İşte köprünün değeri!
Bu sözü söyler söylemez kendisini suya attı.

Su aldı götürdü.
Canıyla başıyla oynadı adeta.
Canına başına kıydı da yine dininden dönmedi.

Bir ateşe tapan, dinine zarar gelmesin diye kendisini kaldırdı ateşe attı.
Fakat sen Müslümansın ama Müslümanlıkta öyle bir hale düşmüşsün ki zaten su, seni ebedi olarak kapmış götürmüş!

Bir Mecusi’de bile bu ateş, senden fazla olursa artık Müslümanlığı var da bu Mecusi’den öğren.

Âlemde kimin ne haddi var ki Tanrı’ya ayarı bozuk para götürebilsin!
Kıyamete sağlam para, o ayarcıya değer akçe götürmek gerek.

Bedeninden can çıkınca Tanrı’ya putlarla dopdolu bir gönlü, nasıl götürebileceksin?

Bütün bu patları at, bedeninle beraber onları terk et.
Dosta put haneyle beraber gidilmez.

Birisinin ayağı uyuştu mu artık, o minbere nasıl çıkabilir?
Uyuşuk ayak, minbere çıkamazsa olduğu yerde uyuyup kalmış gönül, elbette Hakka erişemez.

Birisi, bir an olsun uyanırsa o uyanıklığı bir an bile olsa fazla sayılır.
Fakat sen bütün ömrünü gafletle geçirdin.

Bir an bile uyanıklık yüzü görmedin.
Kimin uykusu, böyle faydasız olursa uyanıklığı, ölüm olur.

Be adam!
Sen kendi gamınla gamlanmaz, dertlenmezsen senin derdine kim yanacak ki?

Serkeşlik (Baş kaldıran) etme de bari bir işe koyul, elinden geleni yapmaya giriş.

Çünkü kimse senin derdine yanmaz, senin için kimse gam yemez.
Bir an bile hiç kimse senin yükünü çekmez.

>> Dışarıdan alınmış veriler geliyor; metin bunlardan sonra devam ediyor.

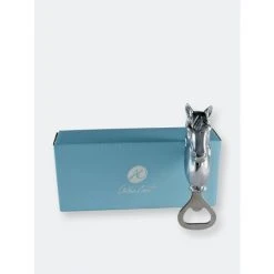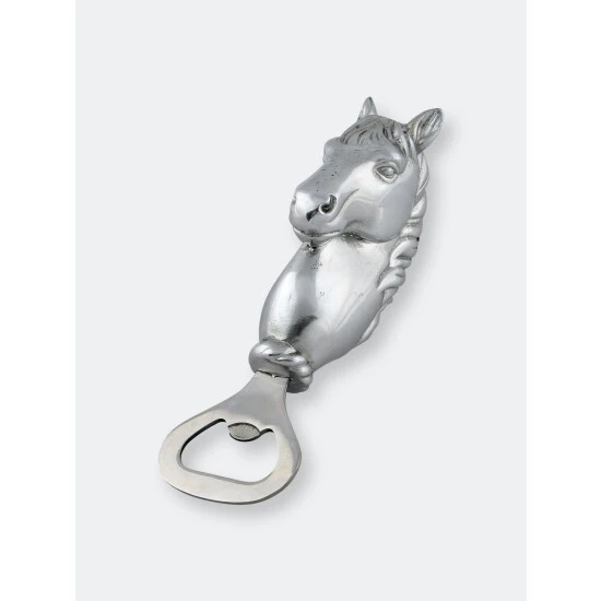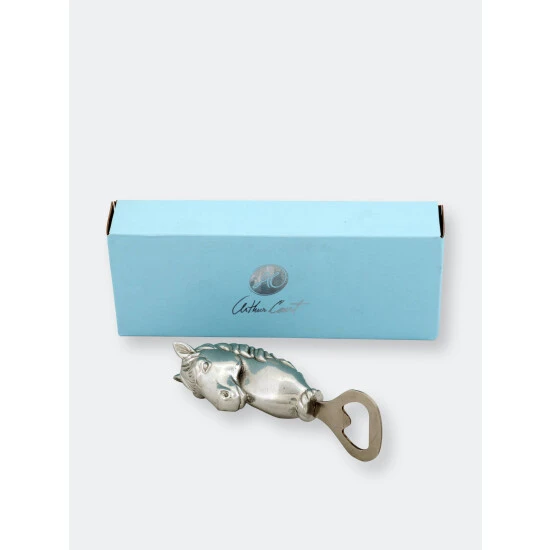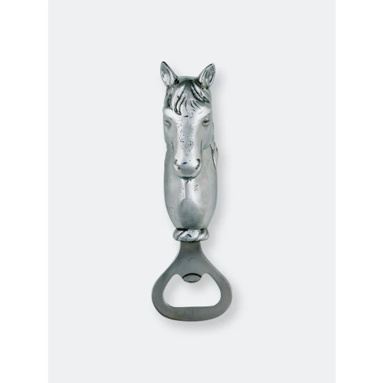 In the early days of American history, the horse eased the burden on families on cross-country adventures to new homes, and the wild open range still calls to our cultural memories. This horse bottle opener from Arthur Court commemorates those days at the same time that it provides a signature piece as noble and helpful as the equines of our ancestors. The aluminum alloy construction gives this elegant barware a silver sheen that doesn’t tarnish, and the sturdy opener puts real horsepower behind your efforts to access your favorite beverage. The textured mane and wide dimensions of this beautiful horse give you a firm grip during use. Whether your next adventure is poker night at the neighbors or a fancy shindig across town, tote this lightweight Arthur Court horse bottle opener along for the ride. At 2 x 6.5 inches, it’s easy to stable in a drawer or display in your home bar area.A beautiful horse head adorns this piece, its stoic demeanor reflecting the honor bestowed upon these animals. The lifelike detail in its perky ears and elongated muzzle only accentuate this handmade, aluminum opener.
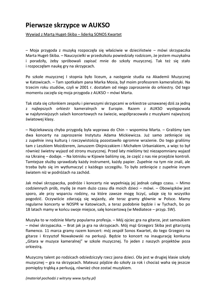 Pierwsze skrzypce w AUKSO Wywiad z Martą Huget-Skiba – liderką SONOS Kwartet – Moja przygoda z muzyką rozpoczęła się właściwie w dzieciństwie – mówi skrzypaczka Marta Huget-Skiba. – Nauczycielki w przedszkolu powiedziały rodzicom, że jestem muzykalna i poradziły, żeby spróbowali zapisać mnie do szkoły muzycznej. Tak też się stało i rozpoczęłam naukę gry na skrzypcach. Po szkole muzycznej I stopnia było liceum, a następnie studia na Akademii Muzycznej w Katowicach. – Tam spotkałam pana Marka Mosia, był moim profesorem kameralistyki. Na trzecim roku studiów, czyli w 2001 r. dostałam od niego zaproszenie do orkiestry. Od tego momentu zaczęła się moja przygoda z AUKSO – mówi Marta. Tak stała się członkiem zespołu i pierwszymi skrzypcami w orkiestrze uznawanej dziś za jedną z najlepszych orkiestr kameralnych w Europie. Razem z AUKSO występowała w najsłynniejszych salach koncertowych na świecie, współpracowała z muzykami najwyższej światowej klasy. – Najciekawszą chyba przygodą była wyprawa do Chin – wspomina Marta. – Graliśmy tam dwa koncerty na zaproszenie Instytutu Adama Mickiewicza. Już samo zetknięcie się z zupełnie inną kulturą i rzeczywistością pozostawiło ogromne wrażenie. Do tego graliśmy tam z Leszkiem Możdżerem, Januszem Olejniczakiem i Michałem Urbaniakiem, a więc to był również świetny wyjazd od strony muzycznej. Przed laty mieliśmy też niezapomniany wyjazd na Ukrainę – dodaje. – Na lotnisku w Kijowie baliśmy się, że część z nas nie przejdzie kontroli. Tamtejsze służby sprawdzały każdy instrument, każdy papier. Zupełnie na tym nie znali, ale trzeba było się im wytłumaczyć z każdego szczegółu. To było zetknięcie z zupełnie innym światem niż w podróżach na zachód. Jak mówi skrzypaczka, podróże i koncerty nie wypełniają jej jednak całego czasu. – Mimo codziennych prób, myślę że mam dużo czasu dla moich dzieci – mówi. – Obowiązków jest sporo, ale przy wsparciu rodziny, na które zawsze mogę liczyć, udaje się to wszystko pogodzić. Oczywiście zdarzają się wyjazdy, ale teraz gramy głównie w Polsce. Mamy regularne koncerty w NOSPR w Katowicach, a teraz podobnie będzie i w Tychach, bo po 18 latach mamy w końcu swoje miejsce, salę koncertową (w Mediatece – przyp. SW). Muzyka to w rodzinie Marty popularna profesja. – Mój ojciec gra na gitarze, jest samoukiem – mówi skrzypaczka. – Brat jak ja gra na skrzypcach. Mój mąż Grzegorz Skiba jest gitarzystą flamenco. 11 marca gramy razem koncert: mój zespół Sonos Kwartet, do tego Grzegorz na gitarze i Krzysztof Nowakowski na perkusji. Będzie to koncert na inaugurację konkursu „Gitara w muzyce kameralnej” w szkole muzycznej. To jeden z naszych projektów poza orkiestrą. Muzyczny talent po rodzicach odziedziczyły rzecz jasna dzieci. Ola jest w drugiej klasie szkoły muzycznej – gra na skrzypcach. Mateusz pójdzie do szkoły za rok i chociaż waha się jeszcze pomiędzy trąbką a perkusją, również chce zostać muzykiem. (materiał pochodzi z witryny www.tychy.pl)

                                      ***
 İLAHİNAME FERİDÜDDİN-İ ATTAR M.EB.YAY.392                                                                                             

                                     ***

Yaren, para önemlidir.
Çok problemini parayla kolay aşarsın.

İhtiyaçlarını kolayca karşılarsın.
Zor günlerinin dostudur.

Ancak, Allah yanına para götüremezsin, yaptığın hayırlı işleri yanında götürebilirsin.

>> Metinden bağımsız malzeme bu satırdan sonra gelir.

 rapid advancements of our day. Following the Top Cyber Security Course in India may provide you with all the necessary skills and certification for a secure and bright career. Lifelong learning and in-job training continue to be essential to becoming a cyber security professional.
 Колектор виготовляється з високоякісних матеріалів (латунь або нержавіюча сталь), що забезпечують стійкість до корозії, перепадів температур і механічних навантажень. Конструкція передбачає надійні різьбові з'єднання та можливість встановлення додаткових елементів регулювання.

Para sevilmeye layık değildir.
Gönlüne sevgisini almamalısın.

Gönlün sadece Allah sevgisine layıktır.
Alın teriyle kazanılan para değerlidir.

Allah böyle kazandığın paraya bereket verir.
Dikkat et, kazancına haram para karıştırma ve asla parayı sevme.

PARAYI SEVERSEN, SENİ KONTROLÜ ALTINA ALIR, ESİRİ OLURSUN.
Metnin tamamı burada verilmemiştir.